Aim of the task: Please leave out pictures and print exactly the lines from the one that has "主钻1.052克拉IJ色SI净度圆形钻 特价3.17W国检NGTC060588" through the last line of the material below.

Source data:

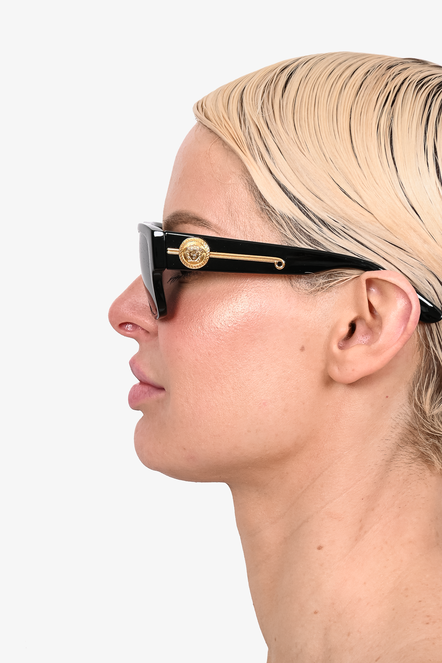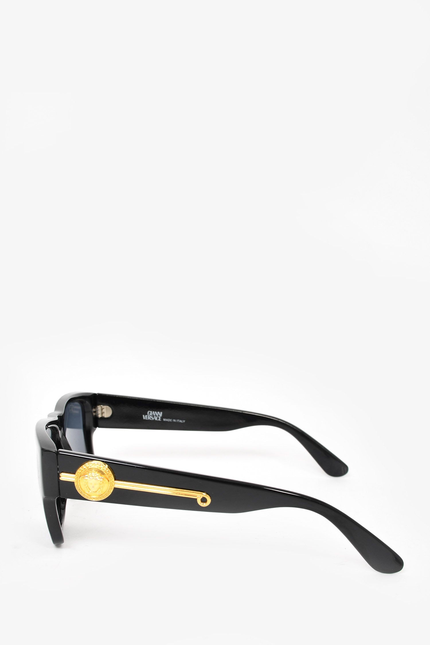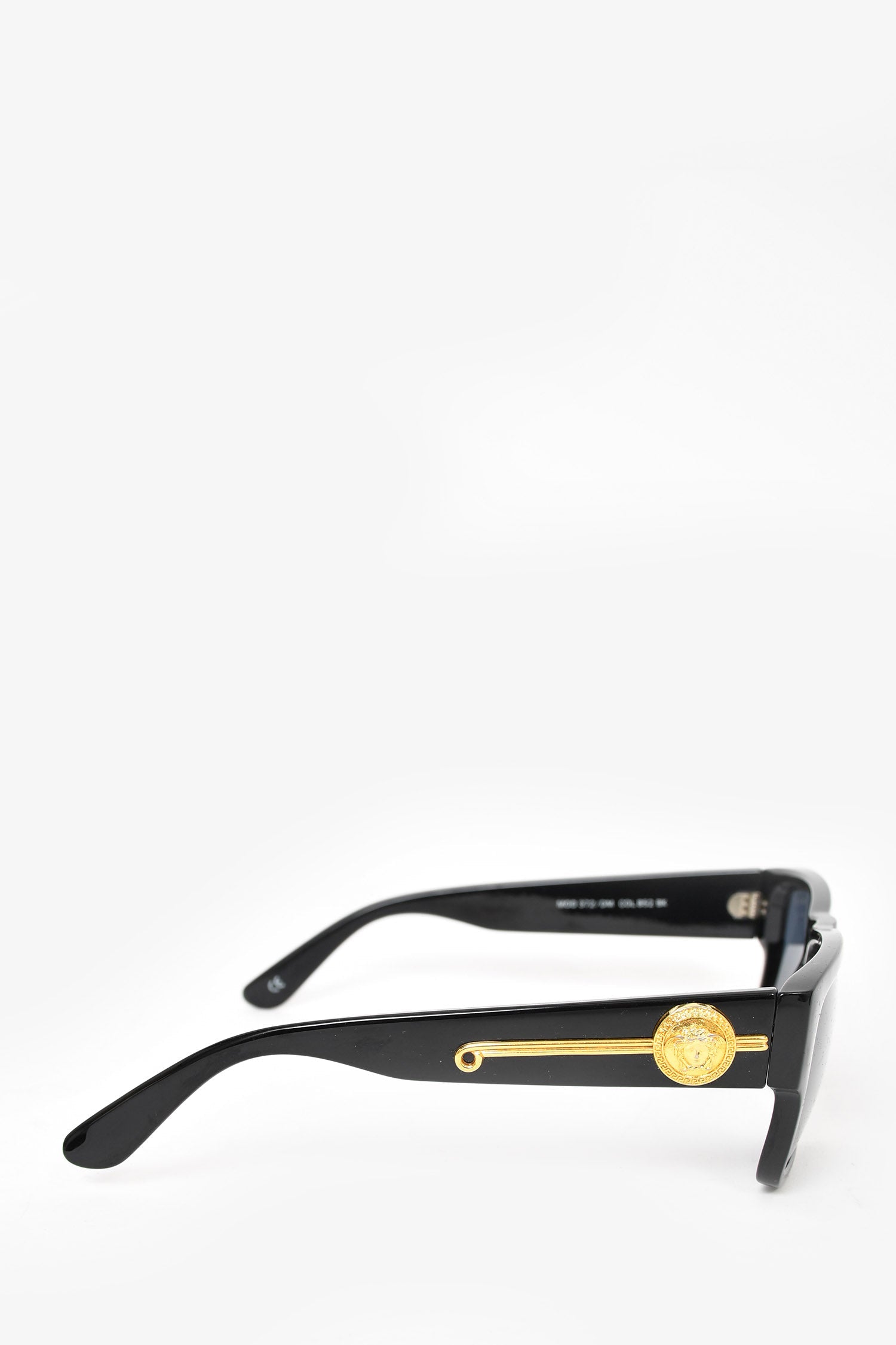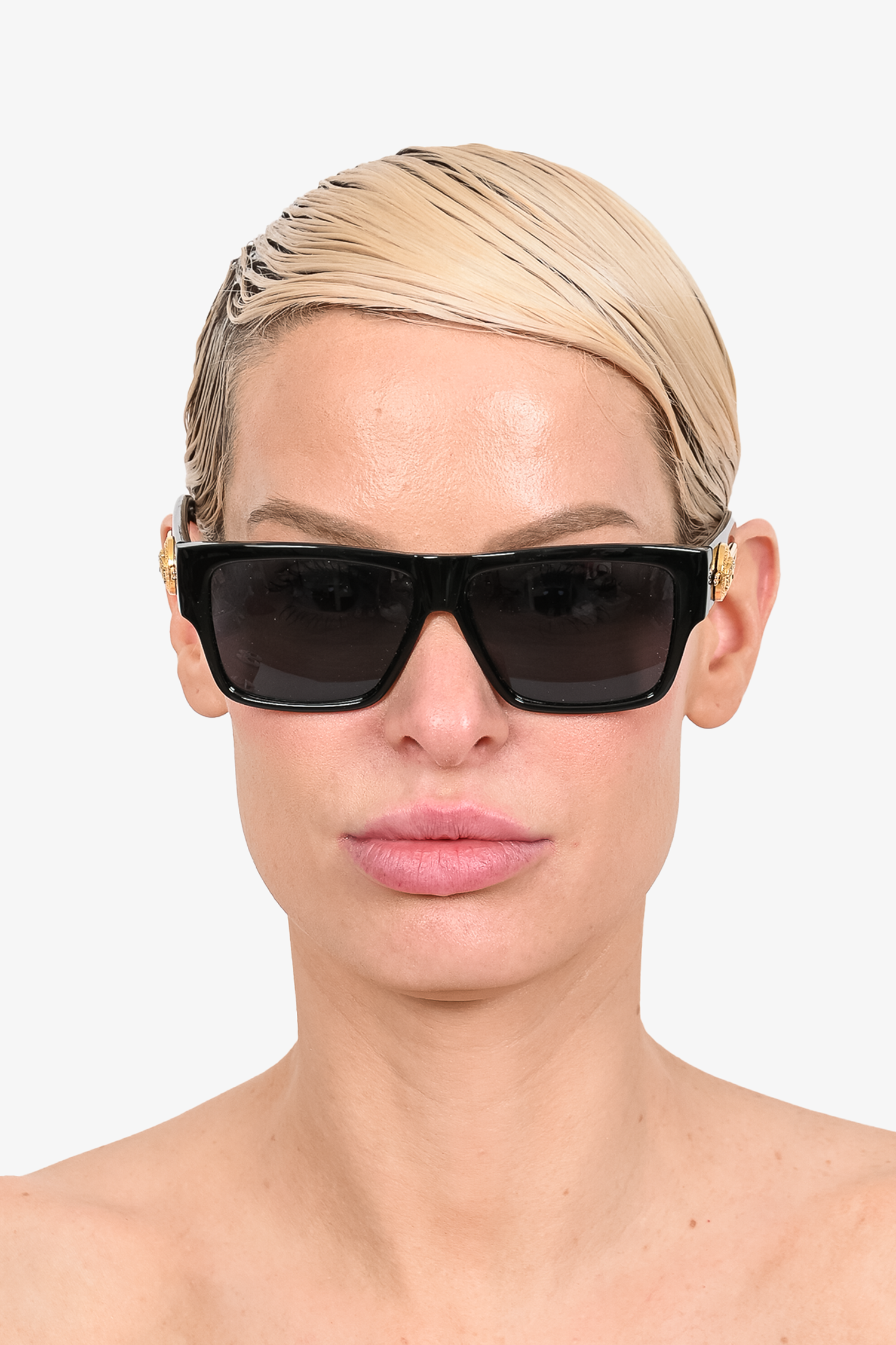 Versace Black Acrylic Square Frame Sunglasses w/ Gold Medusa
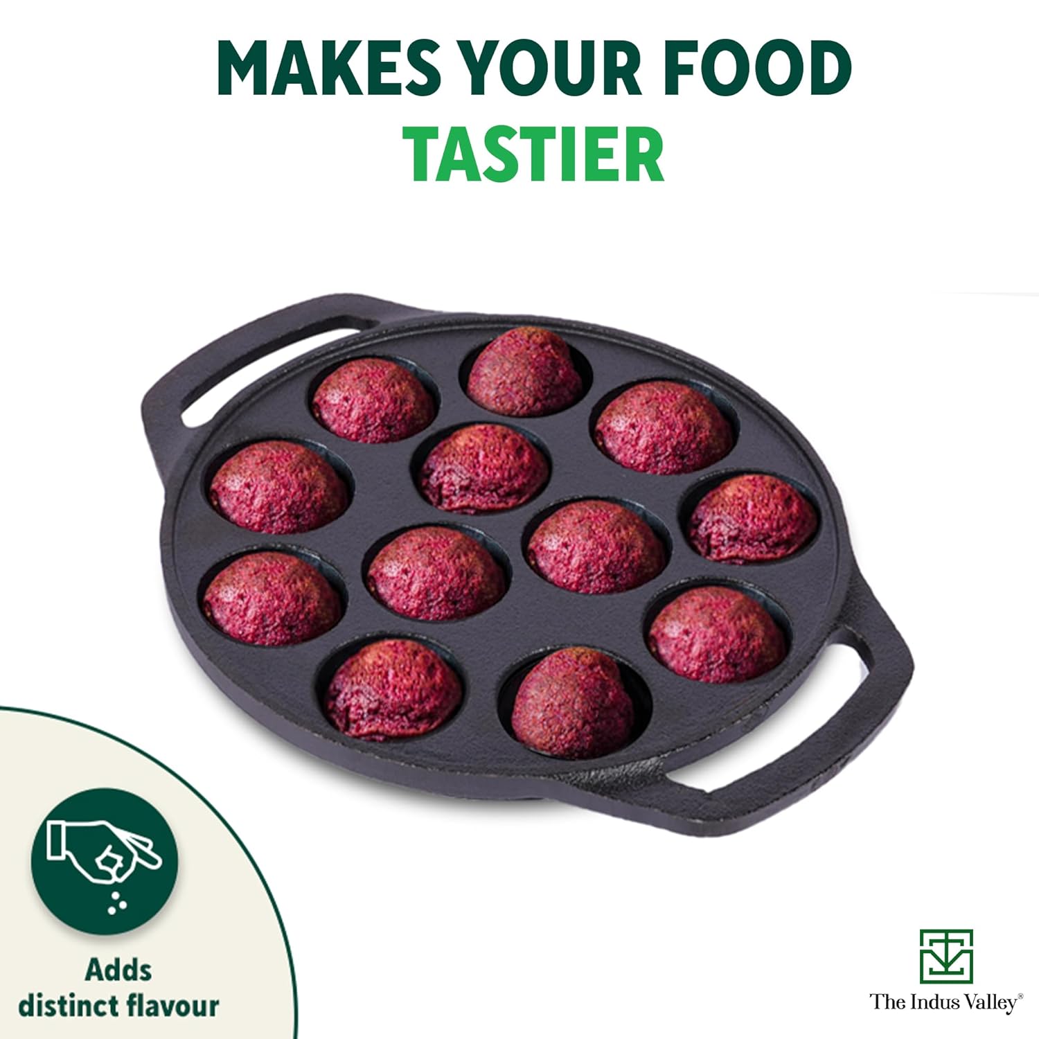 Pre-seasoned Black Cast Iron Paniyaram Pan With Spatula | Medium, 12 Pits, 8.3 Inch, 21 Cm, 2 Kg | Induction Friendly | Nonstick Appe Or Paddu Pan, 100% Pure & Toxin-free, No Chemical Coating
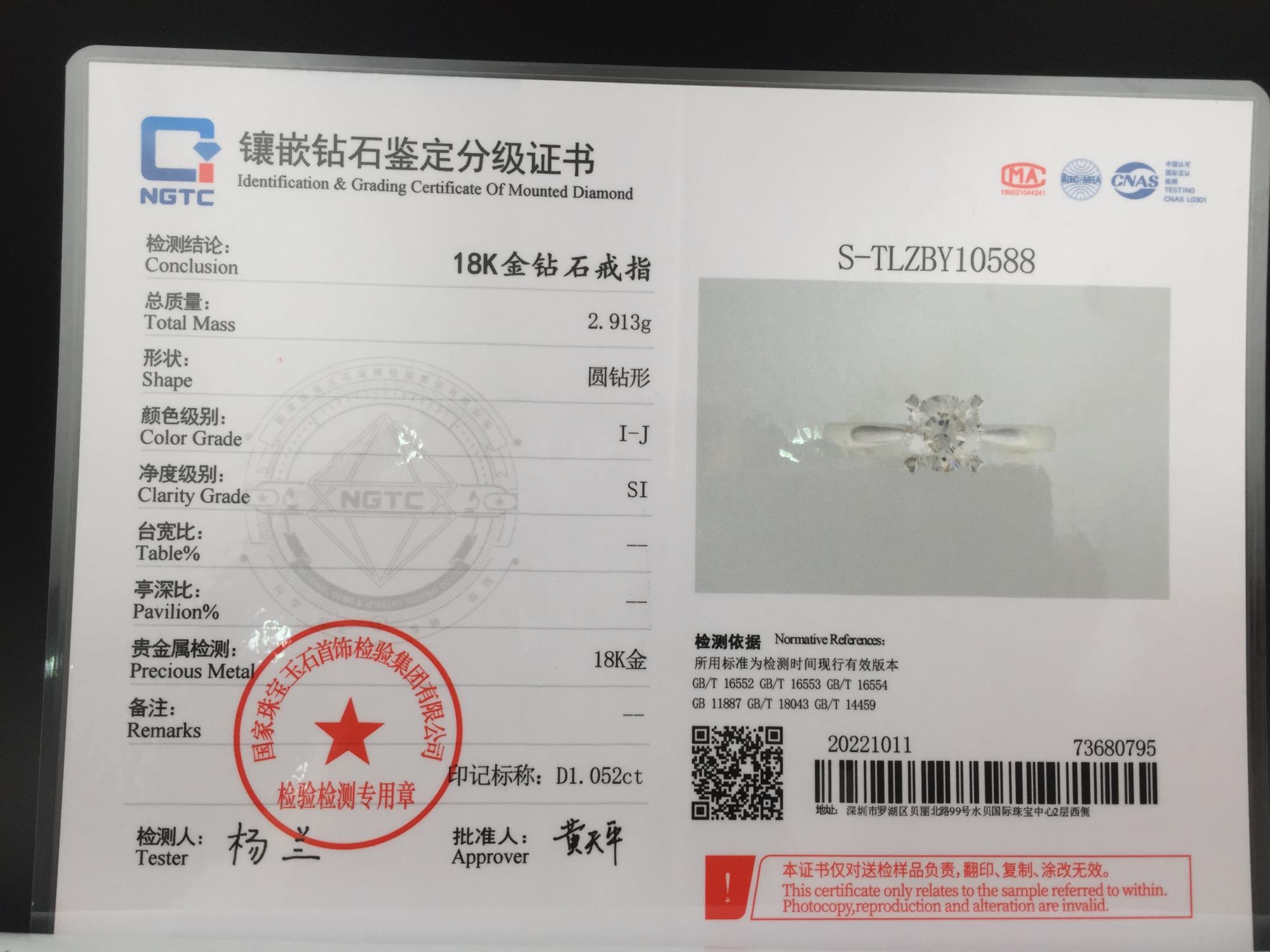 主钻1.052克拉IJ色SI净度圆形钻 特价3.17W国检NGTC060588
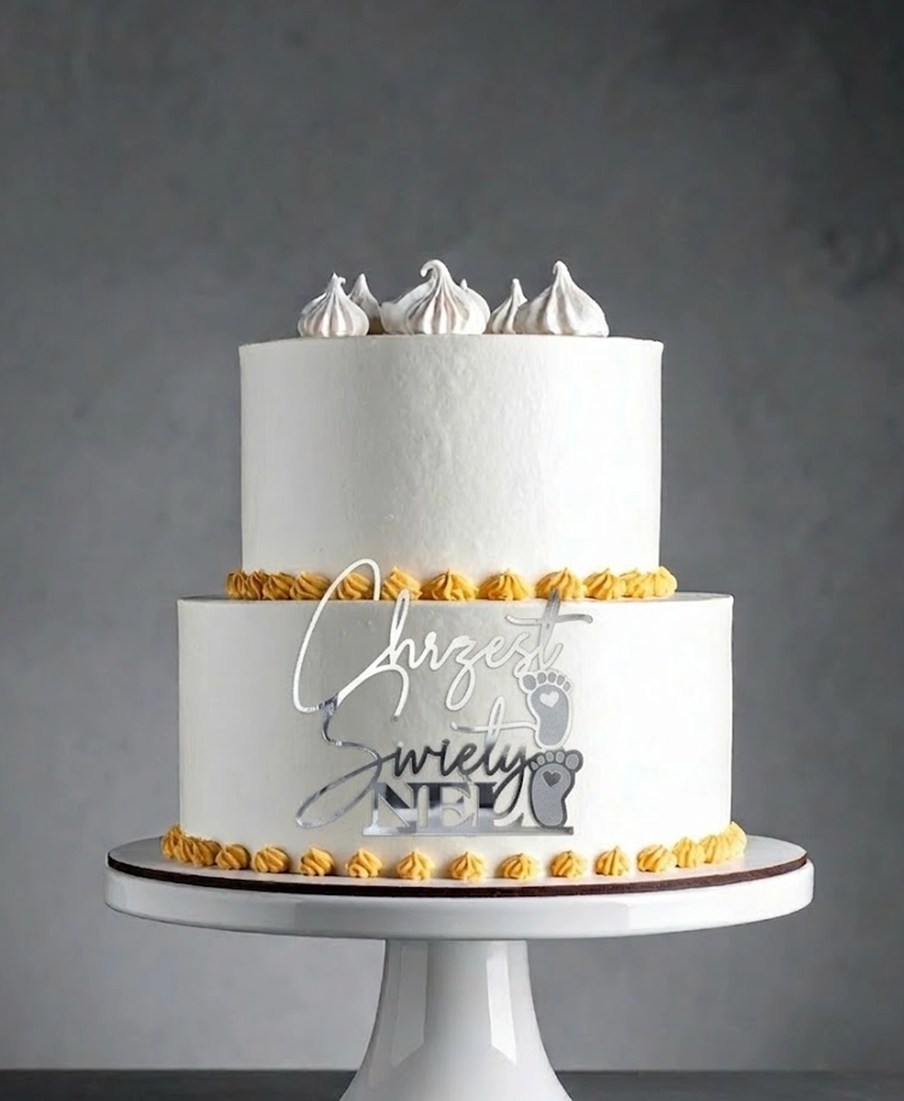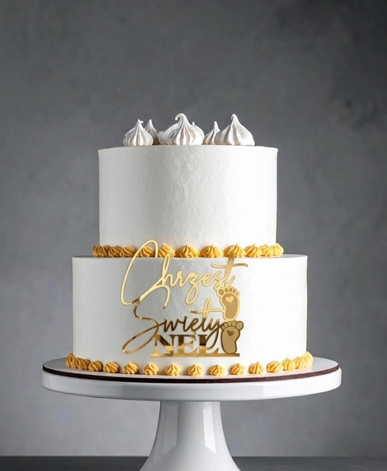 Topper Przoder na tort Chrzest Święty z imieniem to elegancka i personalizowana dekoracja tortu, która podkreśla wyjątkowy charakter uroczystości. Stopki są grawerowane. Dostępny w różnych wariantach kolorystycznych i materiałowych, pozwala na dopasowanie do indywidualnych preferencji.

Solution for this exercise:
 主钻1.052克拉IJ色SI净度圆形钻 特价3.17W国检NGTC060588
 Topper Przoder na tort Chrzest Święty z imieniem to elegancka i personalizowana dekoracja tortu, która podkreśla wyjątkowy charakter uroczystości. Stopki są grawerowane. Dostępny w różnych wariantach kolorystycznych i materiałowych, pozwala na dopasowanie do indywidualnych preferencji.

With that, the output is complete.